Self-supervised Co-training for Video Representation Learning (2010.09709v2)

Published 19 Oct 2020 in cs.CV

Abstract: The objective of this paper is visual-only self-supervised video representation learning. We make the following contributions: (i) we investigate the benefit of adding semantic-class positives to instance-based Info Noise Contrastive Estimation (InfoNCE) training, showing that this form of supervised contrastive learning leads to a clear improvement in performance; (ii) we propose a novel self-supervised co-training scheme to improve the popular infoNCE loss, exploiting the complementary information from different views, RGB streams and optical flow, of the same data source by using one view to obtain positive class samples for the other; (iii) we thoroughly evaluate the quality of the learnt representation on two different downstream tasks: action recognition and video retrieval. In both cases, the proposed approach demonstrates state-of-the-art or comparable performance with other self-supervised approaches, whilst being significantly more efficient to train, i.e. requiring far less training data to achieve similar performance.

Citations (387)

View on Semantic Scholar

Summary

The paper introduces CoCLR, a co-training method that integrates semantic-class positives into instance-based contrastive training for enhanced video representations.
It leverages complementary RGB and optical flow streams to mine positive pairs across modalities, improving sample selection compared to traditional InfoNCE.
Evaluations on UCF101 and HMDB51 demonstrate that CoCLR achieves state-of-the-art performance in action recognition and video retrieval with less training data.

Self-supervised Co-training for Video Representation Learning

The paper in question presents a novel approach to the problem of self-supervised video representation learning, with a focus on exploiting the potential of complementary multimodal views. The key contributions include the incorporation of semantic-class positives into instance-based InfoNCE training, a novel self-supervised co-training scheme called CoCLR (Co-training Contrastive Learning of visual Representation), and an evaluation across various downstream tasks.

The Self-supervised Co-training method proposed leverages complementary RGB streams and optical flow streams in video data to enhance feature learning. By adopting this strategy, the research presents a means to mine positive class samples for one view using another view. This introduces a significant innovation beyond traditional instance discrimination approaches, like InfoNCE, by systematically improving the sampling process rather than proposing a new loss function.

Contributions

Incorporation of Semantic-Class Positives: The research demonstrates that integrating semantic-class positives in instance-based training leads to notable representation improvements. Through an oracle experiment, it shows the performance gap that is achievable when using positive samples selected via semantic labels, termed as UberNCE, compared to standard instance-based learning.
Self-supervised Co-training Scheme: CoCLR is introduced as a method that mines positive samples from different views within the dataset. The paper exploits RGB and optical flow views to bridge gaps between instance-based learning and supervised contrastive learning outcomes. CoCLR constructs positive pairs from semantically similar samples across different views, thereby improving upon the representation compared to InfoNCE, approaching the performance levels of UberNCE.
Downstream Task Evaluation: The paper thoroughly evaluates the learned representations on action recognition and video retrieval tasks using UCF101 and HMDB51 datasets. The CoCLR approach achieves either state-of-the-art or comparable performance to existing self-supervised approaches, all while requiring less data for pre-training.

Results and Implications

The experimental results demonstrate that self-supervised co-training using CoCLR allows for significant efficiency improvements. The work shows that models pre-trained with CoCLR achieve higher accuracy in several downstream tasks with less training data. Notably, CoCLR achieves impressive results in both linear probe settings for action recognition and in video retrieval tasks.

Future Directions and Implications

The methodologies presented in this paper pave the way for further exploration into leveraging multiple data views in representation learning. While the focus has been on video modalities, there exists potential for application across other data types, including images and multi-modal forms, such as audio-visual or text-visual learning.

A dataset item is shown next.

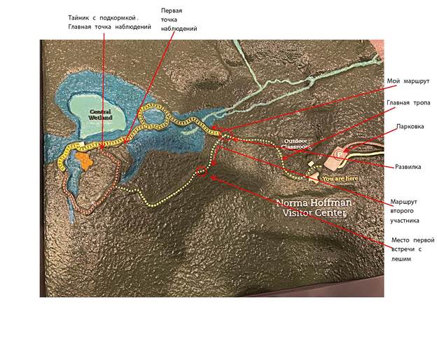 Данный заповедник посещается регулярно три дня в неделю (пятница, суббота и воскресенье) с 2007 года в рамках исследований в области когнитивной этологии для лаборатории физиологии мозга HHMI. Наблюдения проводились (и проводятся) группой из двух человек — автором этих строк и моей женой, д-ром Бэллой Левитиной (врач, физиолог). Главным объектом наблюдений здесь являются два вида цаплевых — большая голубая цапля и американская зеленая кваква. Каждые названные три дня в неделю наша семейная группа движется по заповеднику по одному и тому же маршруту (см. карту на фото 1). По основной тропе (тонкая желтая линия на карте) до развилки. Дальше я продолжаю движение по деревянному настилу над болотом (широкая желтая полоса на карте), а Б. Левитина продолжает движение по основной гаревой тропе в обход болота до тех пор, пока мы не встречаемся в точке, обозначенной на карте как «главная точка наблюдений». Как было упомянуто, по этому маршруту мы движемся три дня в неделю в течение вот уже 13 лет (с 2007 года) и, следовательно, зрительно знаем каждое дерево, каждую ямку на этом пути.

This perspective opens opportunities for more efficient learning systems that could be less dependent on extensive labeled datasets.

In terms of potential applications, the improved efficiency and accuracy of video representations can contribute significantly to the fields of video analysis and understanding, impacting real-world applications such as video surveillance, sports analytics, and human-computer interaction.

Conclusion

The paper's exploration into co-training complementary video views and the systematic improvement of sampling for contrastive learning marks a significant step in self-supervised learning research. The implications are profound, promising more data-efficient training regimens that achieve high performance on challenging tasks. CoCLR stands as an exemplary technique within the landscape of self-supervised video representation learning, with the potential to influence both theoretical research and practical applications.